Hughes & Kettner
- Type: Private
- Industry: Amplification
- Founded: Neunkirchen, Germany (1984; 42 years ago)
- Founder: Hans and Lothar Stamer (CEO)
- Headquarters: St. Wendel, Germany
- Area served: Europe, Africa, Asia, North America, South America, Australia
- Key people: Hans and Lothar Stamer
- Products: Amplifiers
- Parent: Musikhaus Thomann
- Website: hughes-and-kettner.com

= Hughes & Kettner =

German music supply manufacturer

Hughes & Kettner is a German manufacturer of instrument amplifiers, cabinets and effects boxes.

==History==
The company was founded in Neunkirchen in 1984 by two brothers, Hans and Lothar Stamer, and moved to St. Wendel three years later.

It is cited as having a "long and good standing reputation as a maker of solidly performing tube amplifiers".

In 1989, Hughes & Kettner offered the first realistic speaker emulation device, the Red Box, providing the sound of a speaker without needing a microphone. In 1997, the company designed the Rotosphere, a tube-powered effects pedal simulating the sound of a rotary cabinet, similar to a Leslie, but in a much smaller form factor. It has been used by guitar players but also by some keyboard players, such as Jon Lord. In 2011, Music Radar named the Rotosphere as one of the best modulation and filter pedals of all time.

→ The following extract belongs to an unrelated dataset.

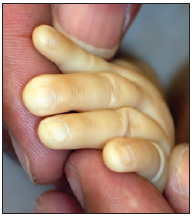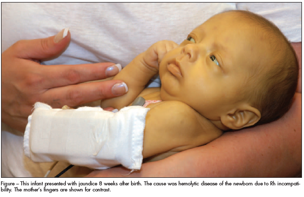 Hemolytic disease of the newborn was diagnosed. The cause was thought to be Rh incompatibility; this autoimmune hemolytic anemia is characterized by hemolysis and unconjugated hyperbilirubinemia. Manifestations of this disease can range from mild asymptomatic anemia and hyperbilirubinemia (Figure) to hydrops fetalis and intrauterine death. Some patients require transfusions during both the prenatal and the early postnatal periods. This patient did not require further transfusions until 8 weeks after birth.
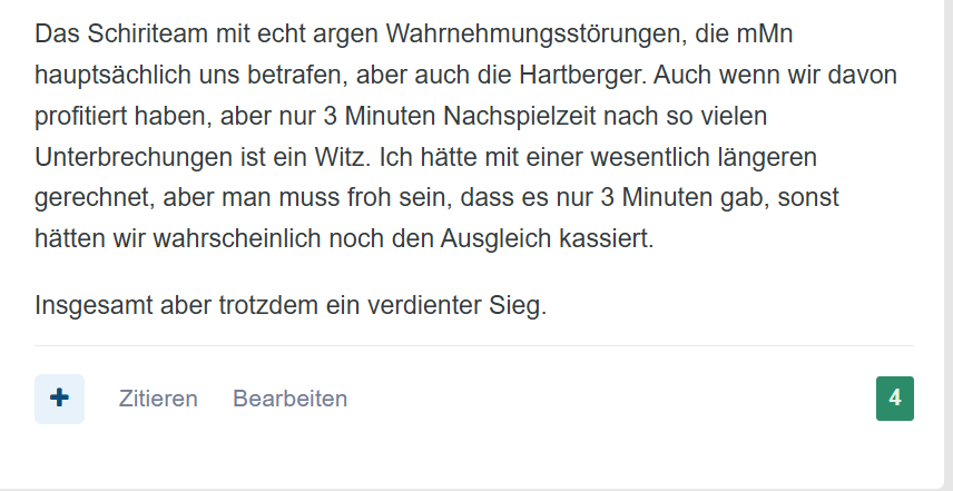 Altes Landgut ASB-Halbgott Geschrieben vor 7 Stunden (bearbeitet) brillantinbrutal schrieb vor 49 Minuten: Manche User verwenden es gerne als Stilmittel, strafrechtlich relevantes Verhalten (Beleidigung, Kreditschädigung, Verleumdung, usw) anderen Usern zuzuschreiben. Andere provozieren sogar gerne Äußerungen, die so gedeutet werden können. Unter (echten) Anhängern eines Vereines sollte man darauf eigentlich (Extremfälle ausgenommen) verzichten können. Hier ein Auszug aus dem Eintrag, den ich unmittelbar nach dem Spiel in Hartberg gepostet habe und der die Schiedsrichterleistung betrifft. Am Ende betone ich sogar noch, dass wir aufgrund der zu geringen Nachspielzeit womöglich noch von der Schiedsrichterleistung profitiert haben. Aufgrund der Aussage "Wenn der (Coulibaly) für uns auf die Art und Weise spielt wie letztens für Hartberg, kassiert der in jedem 3. Spiel eine Rote.", wird mir hier von einem User ein Betrugsvorwurf unterstellt. In anderen Postings habe ich Schiedsrichter Ebner sogar noch in Schutz genommen, weil es gegen ihn Morddrohungen in der Vergangenheit gegeben hat. Also ich muss schon sagen, das ist wirklich starker Tobak, was dieser User mir auf provokante Weise unterstellt. Oder liege ich komplett falsch? Habe ich tatsächlich Ebner einen Betrug vorgeworfen, ohne es zu merken? Für mich überschreitet diese Anschuldigung gegen mich eine Grenze, zumal ein nicht gerechtfertigter Betrugsvorwurf eine Straftat darstellen würde. bearbeitet vor 7 Stunden von Altes Landgut 3 Zitieren Diesen Beitrag teilen Link zum Beitrag Auf anderen Seiten teilen More sharing options...

The company is actively producing new models, both tube and solid-state amplifiers. In 2020, the company released the 50W Spirit Nano amplifier head, which combines a transistor amplifier with a Red Box Leslie simulator. The era 1 and era 2 are general purpose amplifiers that are suitable for acoustic guitars and microphones.

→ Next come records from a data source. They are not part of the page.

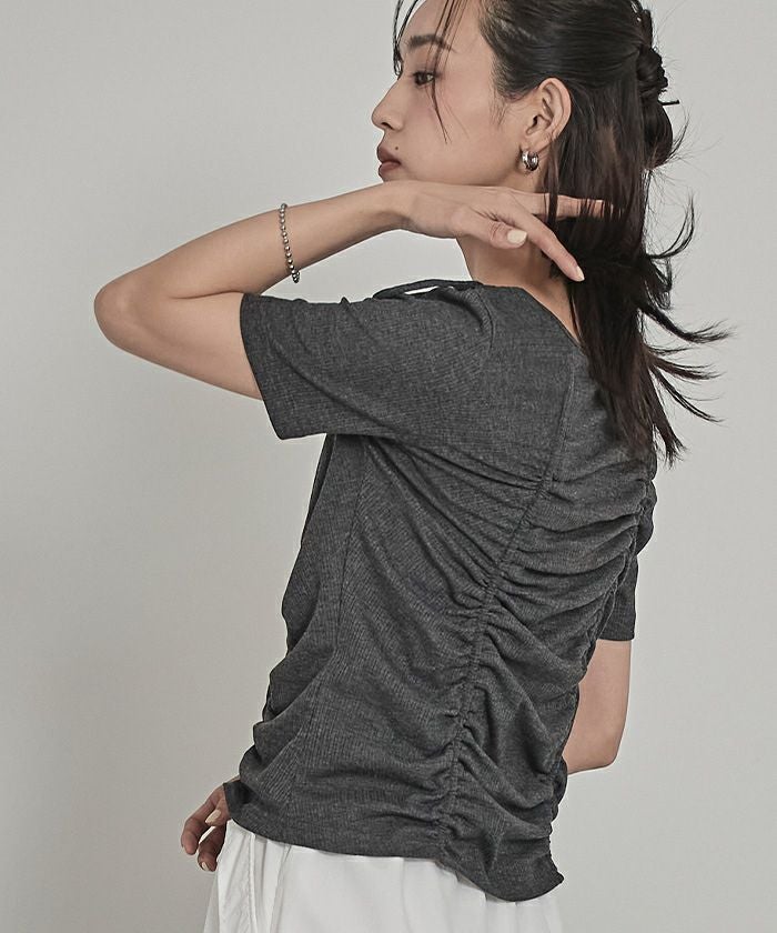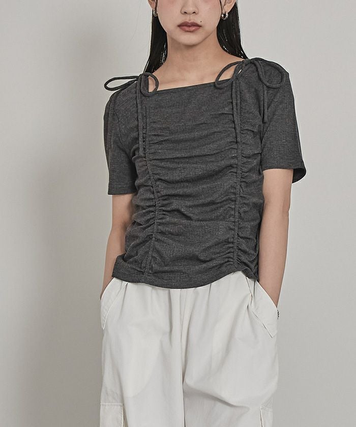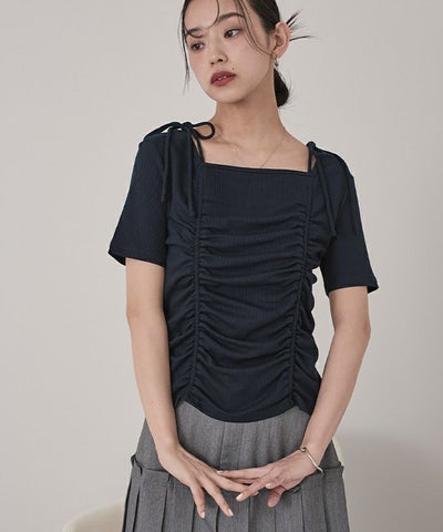 ドロストリボン半袖リブトップス【miette ミエット】
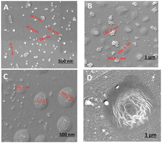 HRSEM surface images (Figure 3) were used to evaluate the diameters of the particles as well as the surface morphology. HRSEM revealed variations in topography, illustrating the evolution of particle structure over time. Figure 3 shows that the obtained particles do not exhibit a distinct round shape, and over time, the range of diameters increases from nano to micron size. Initially, relatively monodispersed nano-sized particles were observed in the first minute, ranging from 15 to 50 nm in diameter (Figure 3A,B). However, after 5 and 30 min, micron-sized particles of a very broad size distribution (between 0.2 and 0.7 μm) were also observed (Figure 3B,C), accompanied by the noticeable presence of aggregates. Figure 3D illustrates the clear morphology of the PVP coating layer on a micron-sized particle after 1 h.
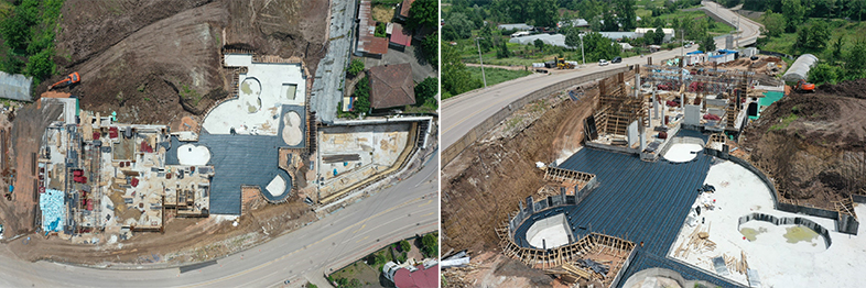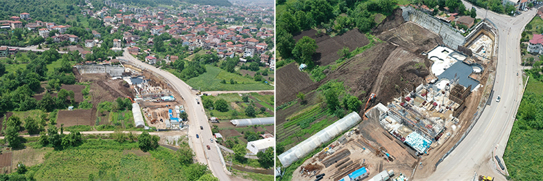 Projenin A bloğunun yapılacağı alanda hafriyat çalışmalarına devam ediliyor. B blokta ise grobeton dökümü tamamlandı. Ekipler yalıtım imalatlarına devam ediyor. Termal suyun tutulacağı deponun temel betonu döküldü, perde kalıbına devam ediliyor. C blokta -8.15 kotu ile -4.00 kotu arası kolon ve perdelerde demir donatı ve kalıp montajına devam ediyor. 3. Bodrum katta ise kaide betonları döküldü. Ayrıca kaba sıva imalatlarına devam ediliyor.
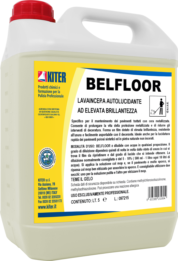 BELFLOOR LT.5 è una lavaincera acrilica autolucidante ideale per la manutenzione a umido di pavimenti trattati. Indicata per uso professionale, consente di detergere e creare una pellicola brillante e antiscivolo in un’unica operazione. Pulisce, protegge e prolunga la durata delle cere metallizzate, senza lasciare aloni. Formula diluibile in acqua, utilizzabile su superfici porose, sintetiche e in pietra naturale, escluso legno e pietra levigata a piombo.

In May 2025, the company was acquired by Musikhaus Thomann.

==Notable users==
Notable users of Hughes & Kettner products include Rush's Alex Lifeson and Kiss' Tommy Thayer, who have signature amplifiers by the company (The TriAmp MKII Alex Lifeson and the Duotone Tommy Thayer). Marillion's Steve Rothery is a longtime user of the Rotosphere and prefers it to other Leslie simulators.

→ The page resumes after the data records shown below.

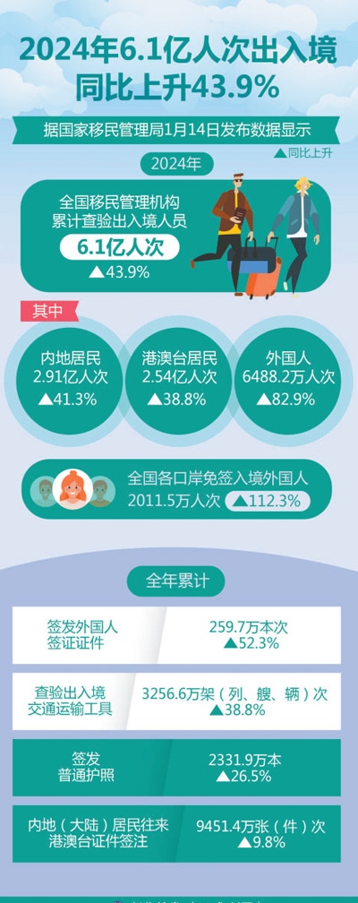 在2024年中國國際傳播年度熱詞榜上,“中國游”一詞名列前十。中國全面放寬優(yōu)化免簽政策,推出一系列便利外國人來華政策舉措,“中國游”成為越來越多外國游客的優(yōu)先選擇。中國國家移民管理局最新數(shù)據(jù)顯示,2024年,全國移民管理機(jī)構(gòu)累計(jì)查驗(yàn)出入境人員6.1億人次,同比上升43.9%;其中內(nèi)地居民2.91億人次、港澳臺(tái)居民2.54億人次、外國人6488.2萬人次,同比分別上升41.3%、38.8%、82.9%。全國各口岸免簽入境外國人2011.5萬人次,同比上升112.3%。說走就走的“中國游”打開了世界了解中國的新窗口、新通道,向全球展現(xiàn)真實(shí)、多元和活力滿滿的中國形象。
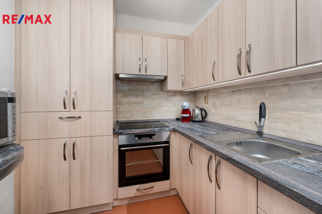Interiér bytu byl pečlivě rekonstruován od podlah, přes elektroinstalace po moderně vybavenou kuchyň s rohovou linkou. Prostorná vstupní chodba vás zavede vpravo do koupelny a samostatné toalety, dále do přívětivé kuchyně. Přímo naproti vstupním dveřím se otevře obývací pokoj s jídelním koutem, ze kterého se dostanete do ložnice. Další pokoj se nachází vlevo od vchodových dveří, naproti koupelně. Vzdušný obývací pokoj s okny orientovanými na jihozápad a západ nabízí příjemné pohledy do okolní zeleně, přičemž ložnice a kuchyň na východě vítá sluneční paprsky každé ráno.
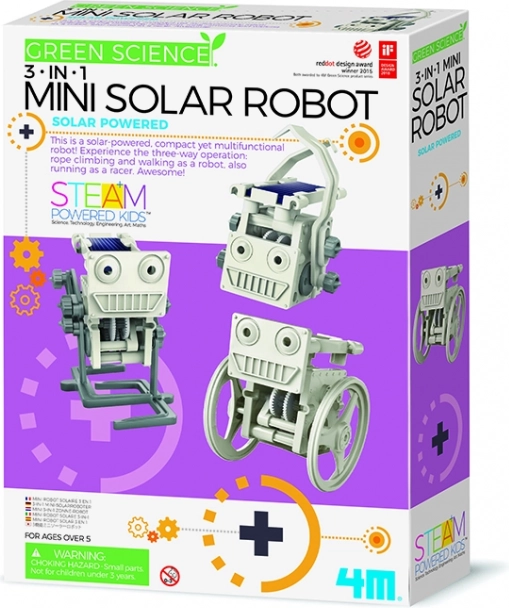 Konstruktors Saules roboti 3 vienā no 4M ir ideāls mazajiem pētniekiem no 8 gadiem. Bērni praksē iepazīs, kā darbojas saules piedziņa, apgūs mehānikas pamatus un, saliekot modeļus, trenēs pacietību un sīko motoriku. Gatavie modeļi kustas tiešos saules staros vai zem spēcīga gaismas avota.
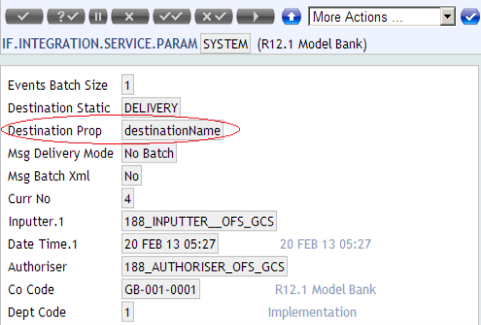 - Deliver each event as a JMS message within a transaction through the DeliveryMDB. The DeliveryMDB is configured to handle messages for an activation string which is equivalent to that of the value in the event XML for the property destinationName which is given in the field Destination Prop.NOTE:
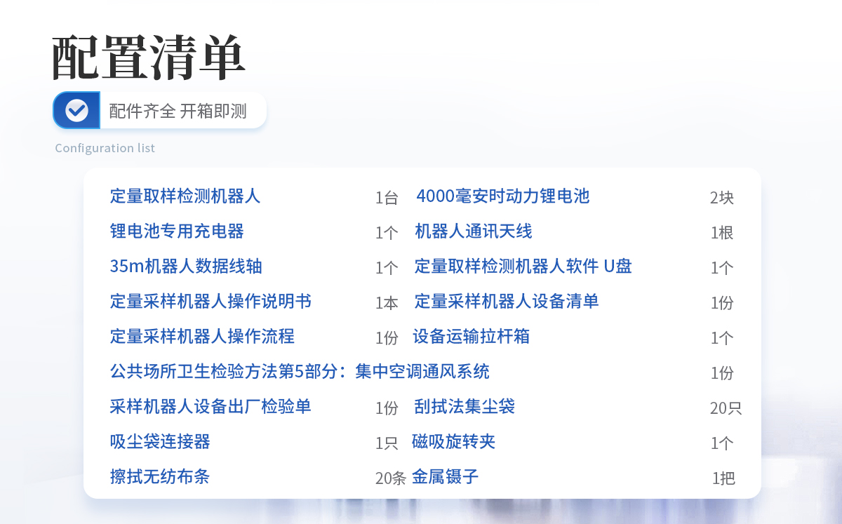 定量取樣檢測(cè)機(jī)器人:1臺(tái) 4000毫安時(shí)動(dòng)力鋰電池:2塊 鋰電池專(zhuān)用充電器:1個(gè) 機(jī)器人通訊天線(xiàn):1根 35m機(jī)器人數(shù)據(jù)線(xiàn)軸:1個(gè) 定量取樣檢測(cè)機(jī)器人軟件 U盤(pán):1個(gè) 定量采樣機(jī)器人操作說(shuō)明書(shū):1本 定量采樣機(jī)器人設(shè)備清單:1份 定量采樣機(jī)器人操作流程:1份 公共場(chǎng)所衛(wèi)生檢驗(yàn)方法第5部分:集中空調(diào)通風(fēng)系統(tǒng):1份 采樣機(jī)器人設(shè)備出廠(chǎng)檢驗(yàn)單:1份 刮拭法集塵袋 :20只 吸塵袋連接器 :1只 磁吸旋轉(zhuǎn)夾:1個(gè) 擦拭無(wú)紡布條 :20條 金屬鑷子:1把 設(shè)備運(yùn)輸拉桿箱:1個(gè)
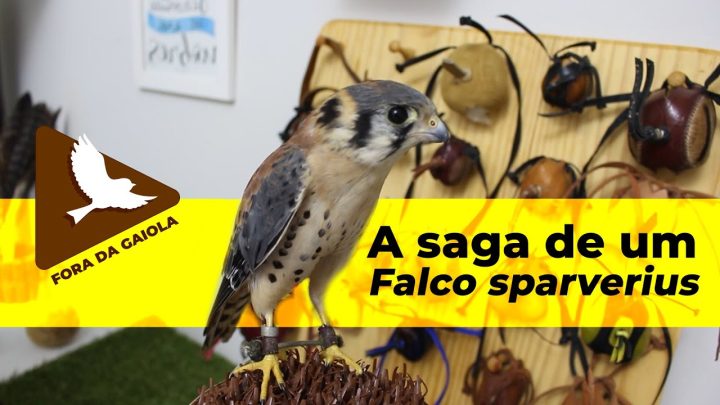Falcão. Falco sparverius, falcão-quiriquiri, falcão brasileiro, com o Biólogo Henrique
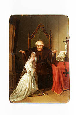 Rechteckige Dose mit einer Szene aus Shakespeares Drama "Romeo und Julia". Julia im Brautkleid bei der Entgegennahme des Segens durch Pater Laurentius vor aufgeschlagener Bibel mit Kreuz am Band sowie aufgestelltem Kruzifix .

Other Hughes and Kettner users are Joel Stroetzel who has used the company's Rotosphere, Adam Dutkiewicz, Joe Bonamassa, Peredur ap Gwynedd who uses a GrandMeister 36, Nuno Bettencourt, Tony Macalpine, Michael Wilton, Allan Holdsworth and Teo (Evil Teo) Ferlin.

Hughes & Kettner made a custom rig of steampunk styled guitar amplifiers for Rush's Time Machine Tour in 2010.